Gözlerimi yavaşça yeni bir güne doğru açmıştım, kafamı yavaşça kaldırdığımda Jungkook'un eşsiz yüzü ile kocaman gülümsedim, sadece şunu söylemek istiyorum.
Şanslıyım, böyle birine sahip olduğum için.
Yataktan yavaşça kalktım ve lavaboya doğru ilerleyip kendime şekil düzen verdim.Yatağa doğru ilerleyip tekrardan oturdum.
Telefonuma art arda mesaj gelince duraksadım ve telefonumun ekran kilidini açtım.Instagram'dan dolu dolu mesajlar vardı umursamayıp Instagram'dan çıktım.
Telefonumu tekrardan yerine koymaya fırsat bulamadan Jungkook beni kendine çekmişti."Günaydın"
"Sanada günaydın."Kafamı göğsünden kaldırıp Jungkook'un yanağına küçük bir buse kondurdum. "Hadi aşağı inelim."
"Hayır, bugün biz kahvaltıya gitmiyoruz kahvaltı bize geliyor." Yatakta oturur pozisyona geldim ve arkama yasladım."Nasıl olacak o?"
Kapı çaldığında Jungkook bana bakıp gülümsedi."Şu şekilde olacak."
Kapıyı açtığımda Hizmetli elinde bir tepsiyle gelmişti."Teşekkürler, çıkabilirsin."
Hizmetli eğilip çıktığında ,Jungkook elindeki tepsiyi üstüme koymuştu."Nasıl beğendin mi?"Kahvaltıya baktım bi de Jungkook'a "Sevgilim bu çok güzel ama ben burda bir yemek göremiyorum yoksa fragman mı bu, hadi kahvaltıyı getir."
Jungkook bana uzun uzun baktı sonra yanıma oturdu."Yoo bence çok doyurucu." Çatalla kahvaltıda duran tek yemeği alıp Jungkook'un ağzına soktum."Bak doydun mu?"
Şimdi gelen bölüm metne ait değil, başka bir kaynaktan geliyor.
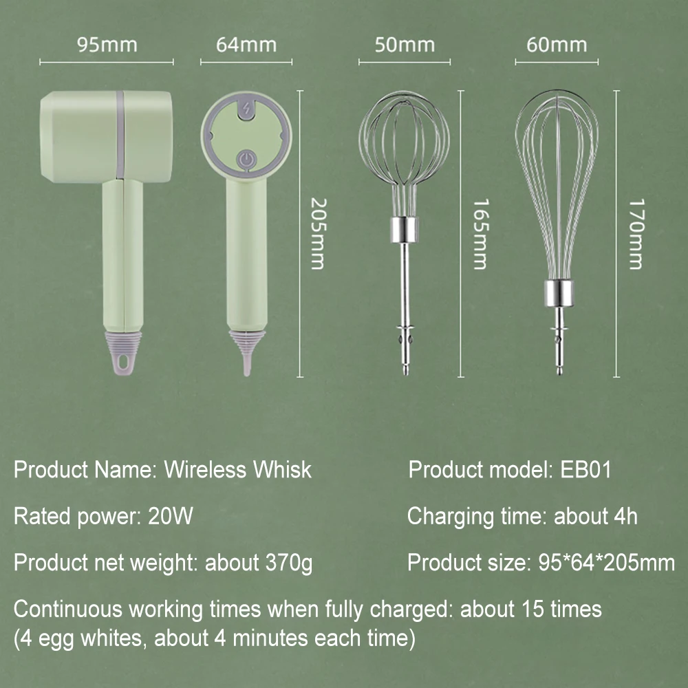 Пункт продажи 2: Уникальный дизайн: портативное устройство для взбивания яиц принимает беспроводную конструкцию, которая является небольшой и светильник, что позволяет избавиться от сколов проводов, разблокируя место использования, И выпечки в любое время и в любом месте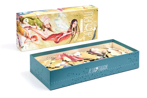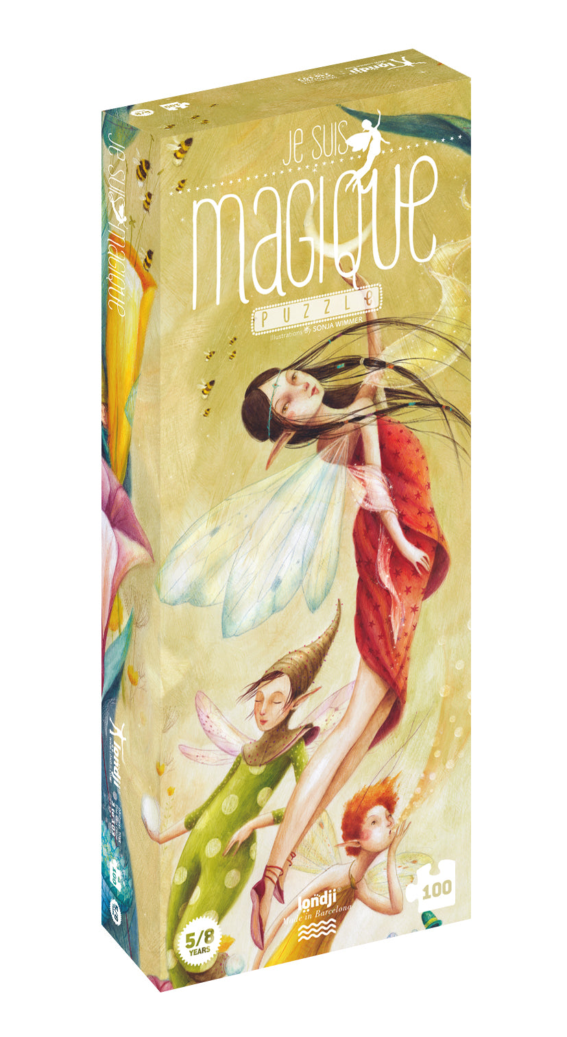 Zauberhaft illustriertes Puzzle 'Je suis Magique' von Londji. Beim Zusammensetzen der 100 Einzelteile, erscheinen wunderschönen Feen und Elfen in einer magischen Welt. Das Puzzle ist eine tolle Beschäftigung für Kinder ab 5 Jahren - es bereitet viel Freude und Spaß und fördert nicht nur die Motorik und Konzentration, sondern auch den Blick für Details. Es lässt die Kinder in ihre wunderschöne Fantasiewelt eintauchen. In der stabilen Box lässt sich das Puzzle wunderbar verstauen und transportieren. Made in Barcelona. CE-zertifizert nach EU-Standard EN71.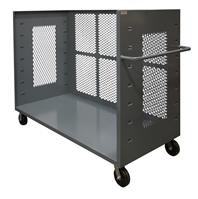 3 Sided Mesh Truck with 6 in. x 2 in. Phenolic casters, (2) rigid and (2) swivel, 1 shelf and tubular push handle. 2,000 lb. capacity.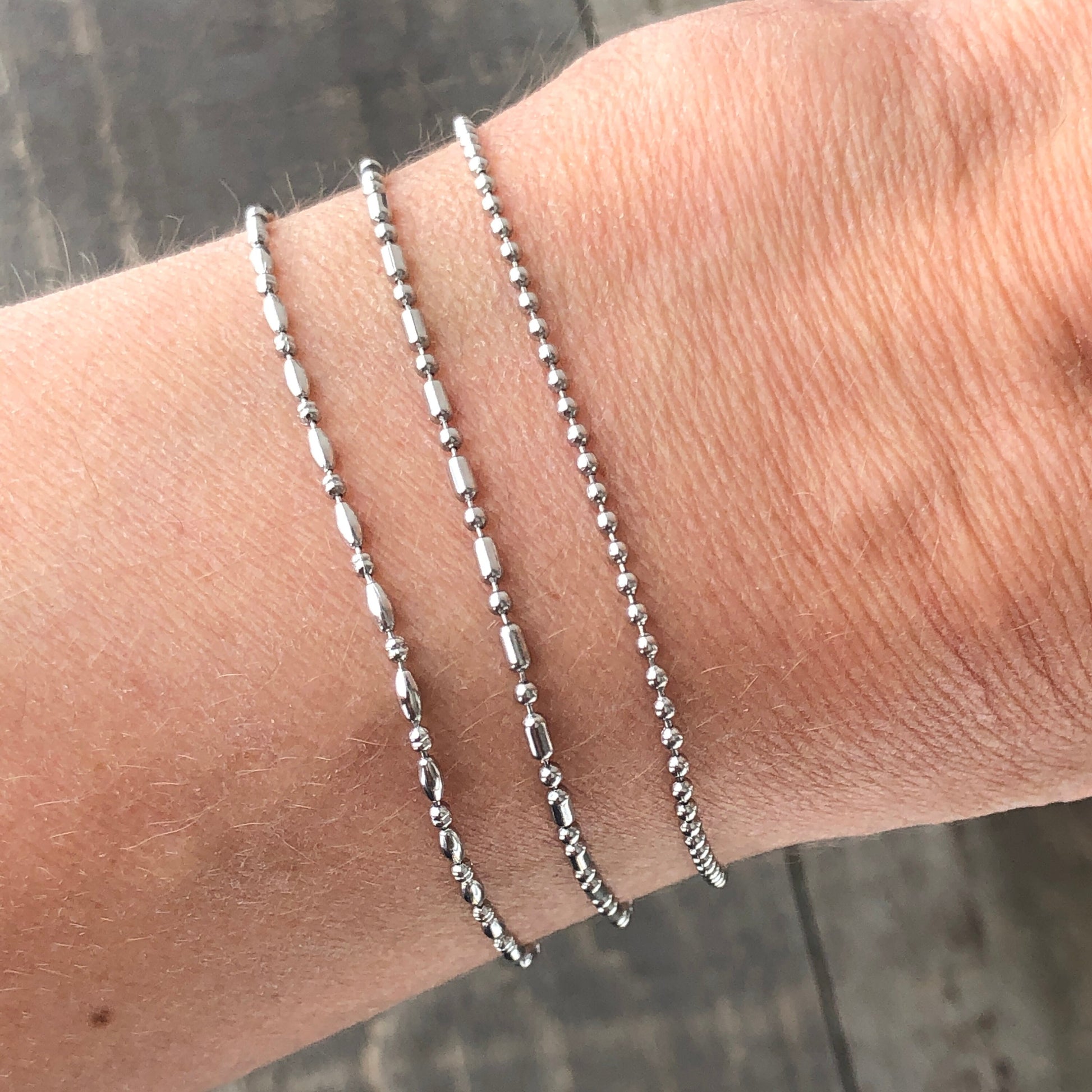 A delicate yet sturdy stainless steel ball chain bracelet or anklet, perfect for minimalist style or layering with charms. This skinny 1.5mm chain is lightweight, polished, and built to last.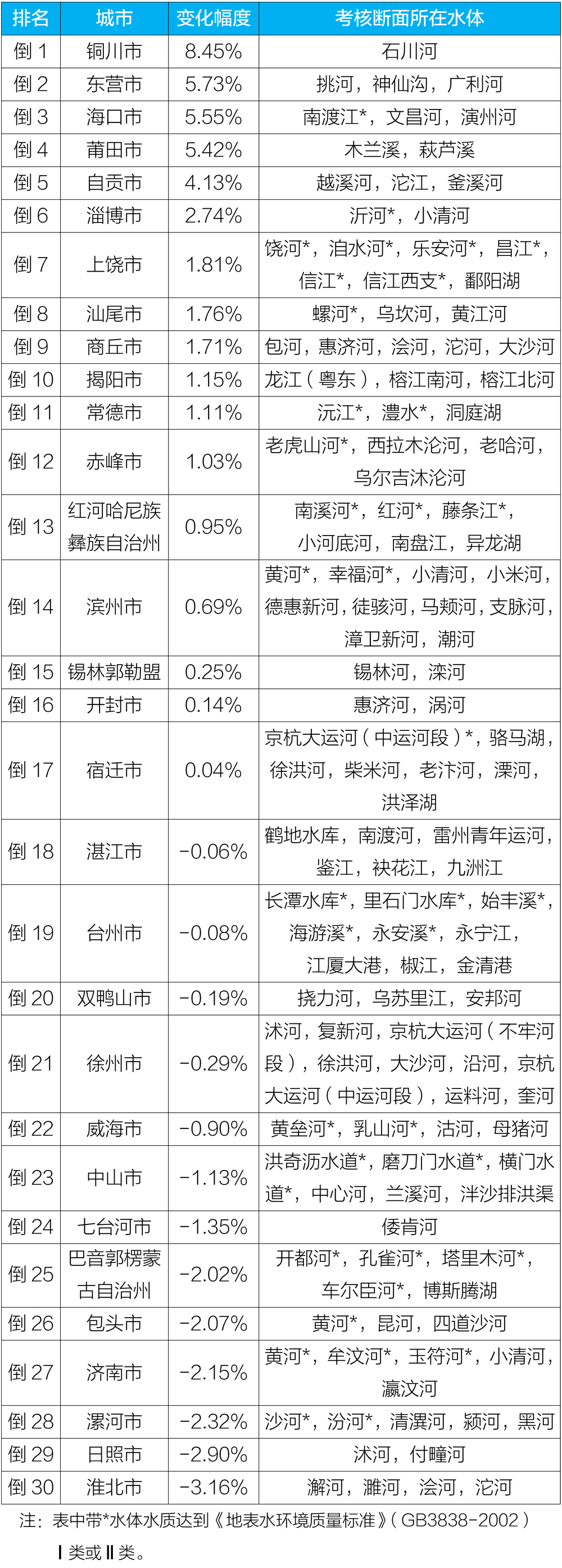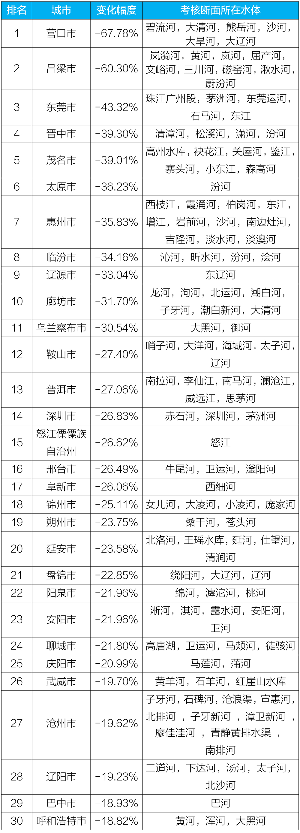 附表5:2020年1-12月国家地表水考核断面水环境质量变化情况排名前30位城市及所在水体

Durup güldüm ve cümleme devam ettim."Bence hayır, hadi gel aşağıya inelim."Ben önden ilerlerken Jungkook arkamdan geliyordu.
"Hiç gelmeyeceksiniz zannettik."
"Valla evlendiniz diye bizle takılmazsanız darılırız ona göre."
Jimin ve Jennie gülerek konuşuyorlardı bende onlara karşılık verip gülümsedim.
"Saçmalamayın, sadece Jungkook'un bana çok doyurucu ve fragman tadında olan kahvaltı şöleninden sonra doymak için buraya geldik ,dimi Jungkook?""Alt tarafı karımızı mutlu edelim dedik olanlar yine bana oldu diyecek söz bulamıyorum."
Jungkook sözünü bitirir bitirmez Jin devam etmişti ."Kookie sen daha çok küçüksün ben sana biraz taktik veririm mesela ben Jisoo"ya şey yapıyo-"
Jisoo öksürmeye başlayınca bakışlar ona dönmüştü."Sanki ikiside evliler şunlara bakın."
Taehyung herkesin duyacağı sesle konuşurken, Jisoo onun tersine kısık sesle konuştu."Yakında o da olur."Bu sefer Jin'in yediği yemek boğazında kalmıştı öksürmeye başlayınca, Jisoo gür bir kahkaha atıp sırtına vurmaya başladı."Helal Jin helal."
♡
Jennie saçına atılan kar yüzünden çığlık atarken, Rose onu hiç umursamıyıp kahkaha atıyordu bir yandan da Jennie'yi kara itmeye çalışıyordu."Sevgilim bana bak."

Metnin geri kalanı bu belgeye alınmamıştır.